This list contains only the countries for which job offers have been published in the selected language (e.g., in the French version, only job offers written in French are displayed, and in the English version, only those in English).
We are looking for an experienced Observability Infrastructure Engineer to join our Platform Engineering organization. You will be part of the team responsible for building and running Observability pillars on premise and on Kubernetes. Our systems collect, process, and store the logs, metrics, and traces that allow hundreds of product teams to monitor their services in real time. This is a role for a builder and a problem solver who enjoys deep technical troubleshooting across distributed systems and then turns recurring issues into automated, repeatable solutions. You will work in a large-scale environment where we manage petabytes of data and thousands of servers.
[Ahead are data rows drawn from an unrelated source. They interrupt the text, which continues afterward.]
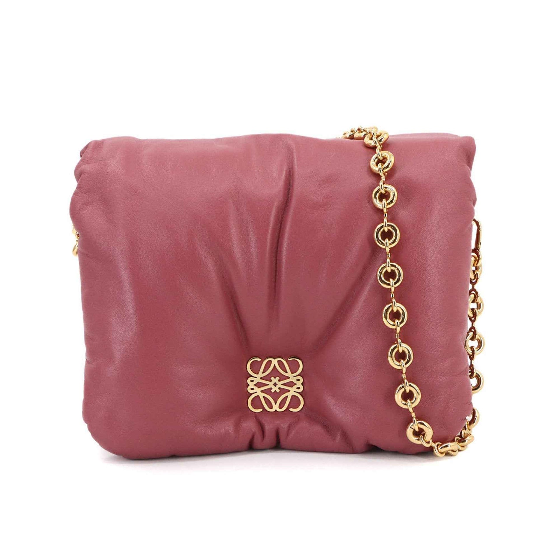 LOEWE Puffer Goya Chain Shoulder Bag in Pink Leather with Gold Hardware (A40P41X01)
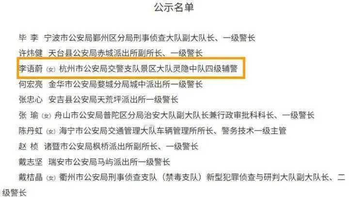 “有困难找李警官!”这句话,早已成为杭州西湖景区周边群众的共识。 12月19日,浙江省公安厅政治部发布《2025最美“浙警”拟宣传选树人选公告》,被网友亲切称为“兔子警官”的杭州市公安局交通管理支队景区大队灵隐中队四级辅警李语蔚成功入围,公示期将持续至12月25日。 这位1998年出生的杭州姑娘,毕业于浙江师范大学学前教育专业,2021年“跨行”成为西湖景区的一名女骑警。去年3月,一段游客随手拍下的执勤视频让她意外走红:甜美的笑容、极具辨识度的嗓音、娴熟利落的交通指挥手势,配上认真负责的工作态度,让“兔子警官”的名号迅速火遍全网。 别看李语蔚长相甜美,她可是能稳稳驾驭500斤警用摩托车的“硬核铁骑”。自入职以来,她扎根路面执勤、应急救助、安全宣教等一线岗位,不仅凭借过硬业务能力快速处置各类事故,更用超强亲和力温暖着每一位遇到困难的群众。 暴雨中,她冒雨疏导交通的视频收获超百万点赞,被央视、新华社等主流媒体聚焦报道;日常巡逻里,她累计参与紧急救助30余次——帮7岁走失女童找到父母,用自备卡通贴纸安抚孩子情绪;护送迷路老人回家,自掏腰包为老人购置食物;遇车主车辆陷入积水路段,二话不说上前推车…… 暖心的举动换来群众的认可,入职至今,李语蔚已收获5面锦旗、12封表扬信,还连续两年被选树为杭州交警优秀TPTU队员,成为同事眼中的“业务标杆”、群众心中的“暖心警官”。 西湖边的风吹过她的铁骑,也吹暖了无数人的心房。这位又美又飒的“兔子警官”,正是杭州这座城市最亮眼的“流量担当”。
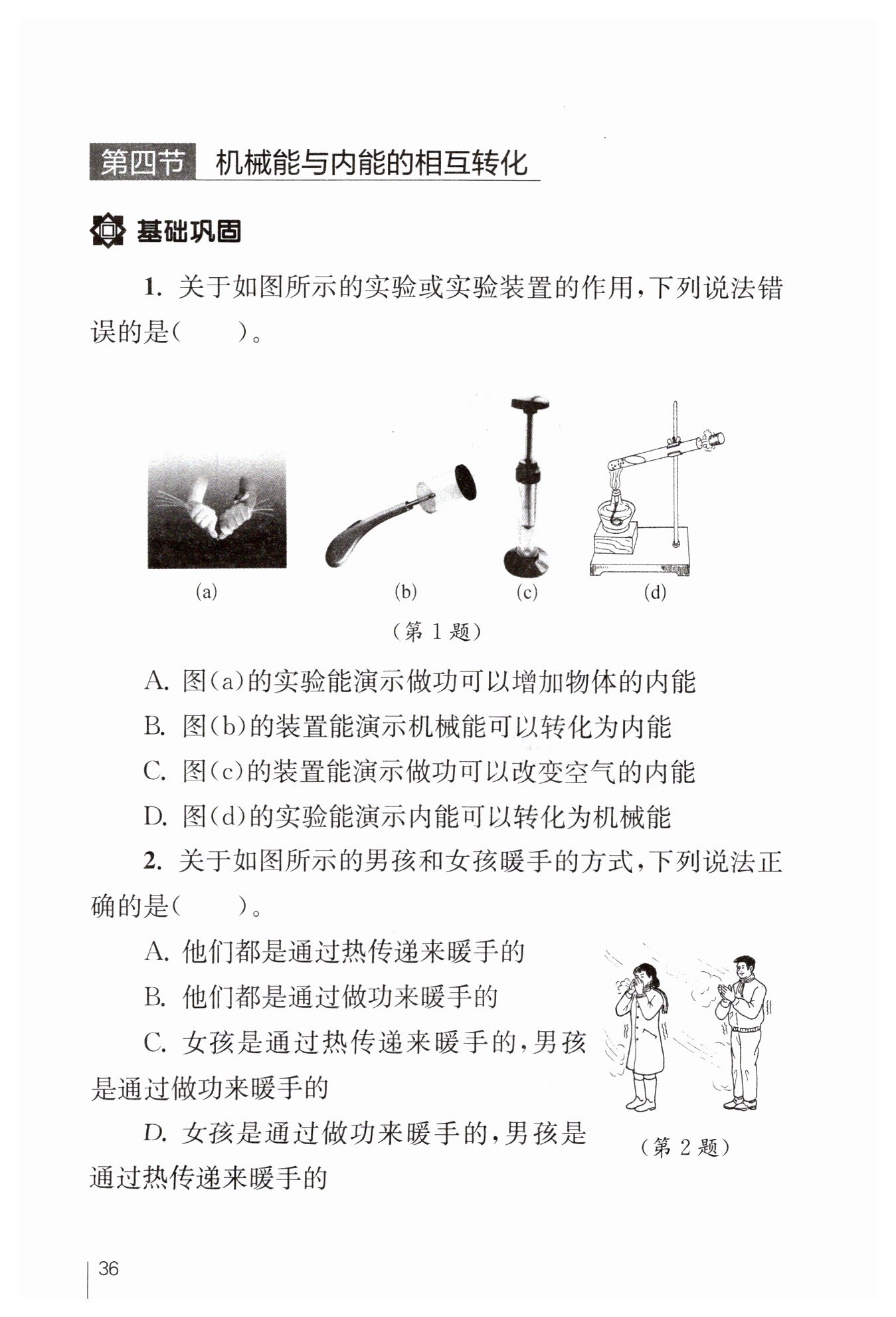 D選項(xiàng):圖(d)中,水蒸氣將塞子沖出,是水蒸氣對塞子做功,將內(nèi)能轉(zhuǎn)化為機(jī)械能,故D正確。

We are currently in the middle of a major transformation: focusing on automation of operations and enabling self service for our users.
Job Responsibility:
Build the next generation of our platform: Design and implement the future architecture of our logging and metrics systems.
Own infrastructure operations: You will take full ownership of our hybrid infrastructure, managing the lifecycle of over 1,500 servers across both bare-metal and Kubernetes environments.
Automate to reduce toil: You will write code in Go or Python to eliminate manual operational tasks.
Optimize for scale and performance: You will dive deep into performance bottlenecks within our distributed tracing and logging pipelines.
Reliability and Engineering: You will participate in on-call rotations, but your primary focus will be engineering solutions that stop alerts from firing in the first place.
Requirements:
10+ years of experience in the observability domain or in a relevant platform/infrastructure domain.
Observability Stack Expertise: You have hands-on experience operating core telemetry data stores at scale e.g. Elasticsearch/Opensearch/VictoriaLogs/Clickhouse for logging, Prometheus/ VictoriaMetrics for metrics and Grafana Tempo for distributed tracing.
Linux Experience: You understand the operating system at a kernel level and can debug complex networking, file system, and performance issues on both bare metal and virtualized hardware .
Production Kubernetes Experience: Proven hands-on experience operating, and troubleshooting production workloads on Kubernetes (on-prem and/or cloud), including strong day-to-day use of kubectl and Kubernetes primitives (e.g. Namespaces, Pods, Deployments/StatefulSets, Services, Ingress, ConfigMaps/Secrets)
Software Engineering Mindset: You are proficient in Go or Python and do not just write scripts
you build tools and automation platforms that treat infrastructure as code.
Nice to have:
Experience with large scale, multi tenant isolation and quota or cost governance approaches for telemetry platforms.
Familiarity with regulated environments where security, audibility, and data handling requirements shape platform design decisions.